Edwin Newman, long time newsman for NBC and self appointed champion of the English language, passed August 13 at the age of 91. The cause was pneumonia. Mr. Newman's family delayed announcement of his death so the they could grieve privately.
Edwin Newman was born in New York City on January 25, 1919 He graduated from Washington High School in Manhattan and graduated from the University of Wisconsin with a degree in political science.He attended Louisiana State University for a brief period before he decided to enter journalism. His first position was as a "dictation boy" for the International News Service.

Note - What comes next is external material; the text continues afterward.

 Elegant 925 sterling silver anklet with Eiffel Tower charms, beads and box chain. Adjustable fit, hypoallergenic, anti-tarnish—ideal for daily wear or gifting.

Mr. Newman left the International News Service to join United Press. In 1942 he joined the United States Navy. He served as a signal officer in Trinidad and later at the Brooklyn Navy Yard. Following World War II he returned to United Press. Afterwards he worked in the Washington Bureau of the New York City newspaper PM, then went to work for the Tufty News Service. It was in 1947 that he joined CBS News where he assisted Eric Sevareid in preparing his nightly commentary. It was in 1949 that he went to work for NBC News as a freelance journalist. It was in 1952 that Edwin Newman joined NBC News full time.

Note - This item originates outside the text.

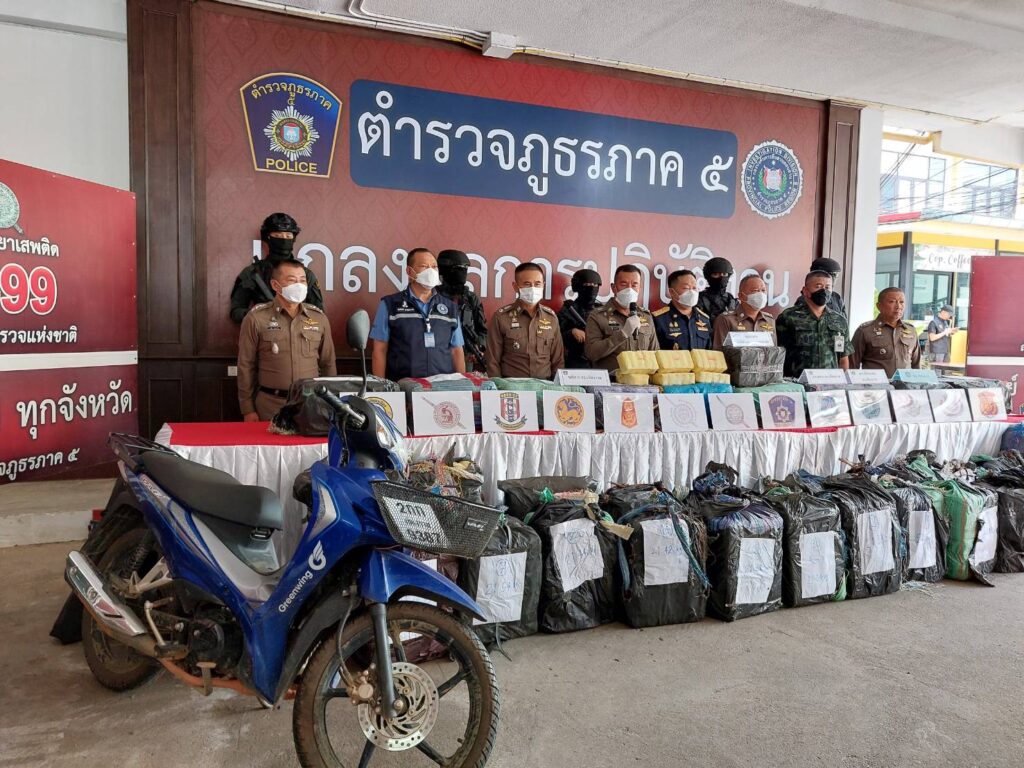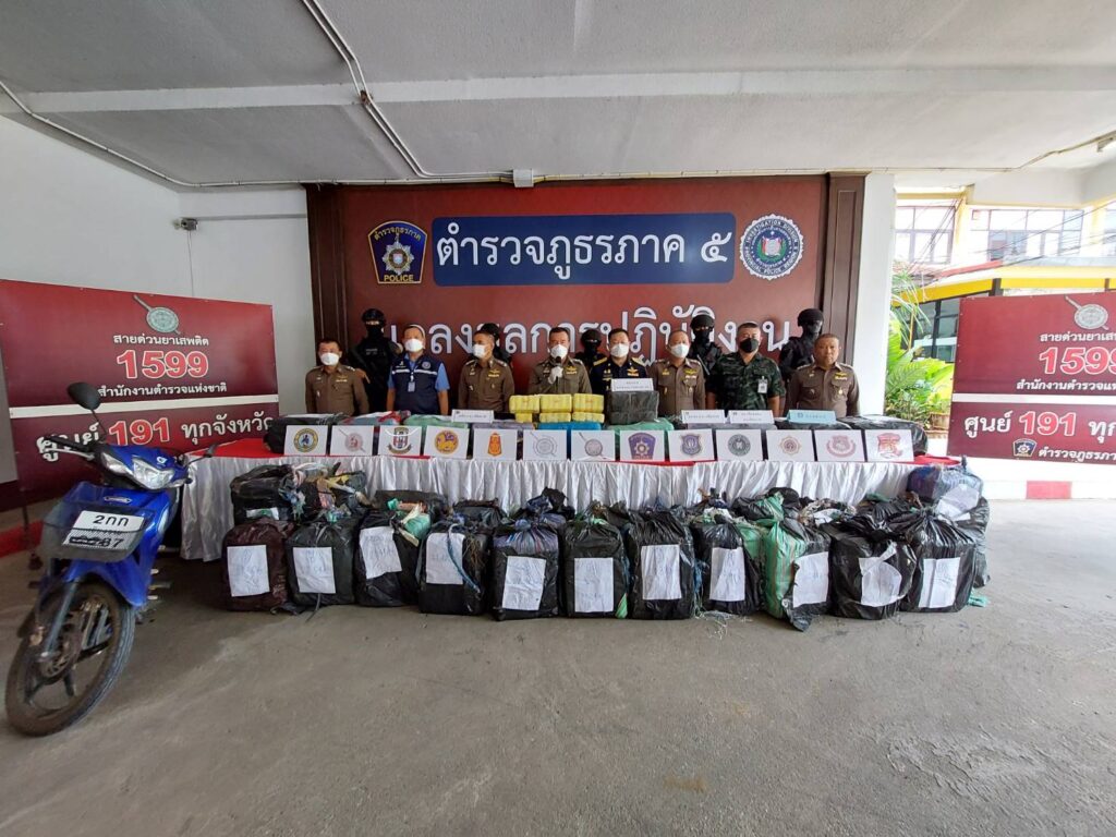 วันที่ 3 สิงหาคม 2566 เวลา 09.30 น. ตำรวจภูธรภาค 5 โดย พล.ต.ท.ปิยะ ต๊ะวิชัย ผบช.ภ.5 ,พล.ต.ต.พฤทธิพงษ์ ประยูรศิริ รอง ผบช.ภ.5 ,พล.ต.ต.วีรชน บุญทวี รอง ผบช.ภ.5, นายอภิกิต ฉ โรจน์ประเสริฐ ผอ.ป.ป.ส.ภาค 5 ,พ.อ.ยอดชาย พวงวรินทร์ รอง เสธ.ศอ.ปส.ชน., พ.ต.อ.พิทักษ์ นาสมวาส รอง ผบก.สส.ภ.5, พ.ต.อ.พงษ์สวัสดิ์ ไชยบาล รอง ผบก.ภ.จว.เชียงราย , พ.ต.อ.ถนัด ชุ่มมะโน ผกก.สภ.เชียงแสน จว.เชียงราย ได้ร่วมกันแถลงผลการปฏิบัติของชุดปราบปรามยาเสพติดตำรวจภูธรจังหวัดเชียงราย สามารถจับกุมขบวนการลำเลียงยาเสพติดรายสำคัญ โดยจับกุมผู้ต้องหาได้จำนวน 1 คน ยึดยาบ้าของกลางจำนวน 7 ล้านเม็ด,รถยนต์จำนวน 1 คัน และรถจักรยานยนต์จำนวน 1 คัน ได้ที่บริเวณถนนเชียงแสน-เชียงของ หน้าด่านกักกันสัตว์ อ.เชียงแสน จว.เชียงราย เมื่อวันที่ 26 ก.ค.66 เวลาประมาณ 01.00 น.

At NBC News Mr. Newman served as the bureau chief of London, Rome, and then Paris before he was based in New York in 1961. Among the stories he covered during this period were the funeral of King George VI to the coronation of Queen Elizabeth II to the Suez Crisis to the Algerian War. From 1961 to 1984 he was one of the correspondents to cover the Democratic and Republican national conventions. He also covered the assassinations of John F. Kennedy, Robert Kennedy, and Martin Luther King Jr. On his programme Speaking Freely he intereviewed everyone from Muhammed Ali to Ingmar Bergman. He also moderated the first Carter-Mondale presidential debate and the second Reagan-Mondale presidential debate. From 1952 to 1984 he regularly appeared on The Today Show. He also appeared regularly on Meet the Press.

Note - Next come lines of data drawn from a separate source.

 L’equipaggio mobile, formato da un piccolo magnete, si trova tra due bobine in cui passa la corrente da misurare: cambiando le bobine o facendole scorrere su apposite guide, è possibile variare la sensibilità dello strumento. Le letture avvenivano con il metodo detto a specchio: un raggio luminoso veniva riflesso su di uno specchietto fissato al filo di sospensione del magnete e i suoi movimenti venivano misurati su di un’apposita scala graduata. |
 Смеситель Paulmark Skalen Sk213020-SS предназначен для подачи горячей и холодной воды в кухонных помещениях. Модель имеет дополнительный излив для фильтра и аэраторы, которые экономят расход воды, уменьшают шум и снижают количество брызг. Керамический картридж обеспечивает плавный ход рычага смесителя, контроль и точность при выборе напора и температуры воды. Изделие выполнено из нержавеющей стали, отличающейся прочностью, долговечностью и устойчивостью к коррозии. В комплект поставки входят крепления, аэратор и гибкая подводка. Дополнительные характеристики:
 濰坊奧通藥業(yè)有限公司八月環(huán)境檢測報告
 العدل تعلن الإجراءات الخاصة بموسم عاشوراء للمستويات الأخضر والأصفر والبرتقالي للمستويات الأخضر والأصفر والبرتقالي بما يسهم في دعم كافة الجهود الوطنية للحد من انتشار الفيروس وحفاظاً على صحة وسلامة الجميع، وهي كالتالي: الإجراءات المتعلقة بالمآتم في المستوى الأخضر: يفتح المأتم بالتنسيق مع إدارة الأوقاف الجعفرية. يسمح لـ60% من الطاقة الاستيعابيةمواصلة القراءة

Edwin Newman was also a self-appointed champion of the English language. He wrote two books defending the correct usage of the language, Strictly Speaking: Will America Be the Death of English? (1974) and A Civil Tongue (1976). He was well known for his droll wit and his seemingly limitless number of puns.
Mr. Newman retired from NBC News in 1984. Afterwards he appeared frequently as a narrator, interviewer, and moderator on many programmes, particularly on PBS. Over the years he appeared as himself on several television shows and movies. He appeared on such shows as Newhart, Saturday Night Live, The Golden Girls, Wings, and Murphy Brown. He appeared in the films Spies Like Us (1985) and The Pelican Brief (1993).
Edwin Newman was one of the last great television newsman. While he was always genteel and his grammar was always perfect, he always seemed as if he was simply another one of us. As the current anchor of The NBC Evening News, Brian Williams, said of Mr. Newman, "To those of us watching at home, he made us feel like we had a very smart, classy friend in the broadcast news business." Indeed, Mr Newman never took himself too seriously, even serving once as the anchor on "Weekend Update" on Saturday Night Live after he had retired. He defence of the correct usage of the English language is also to be admired. Indeed, if I tend to nitpick at time at the ill use of the language, it is largely because of Edwin Newman. More than any teacher I had in school, my desire for correct grammar stems from Mr. Newman. One of the last great television newsman and a champion of the English language, we will not see the like of Edwin Newman again any time soon.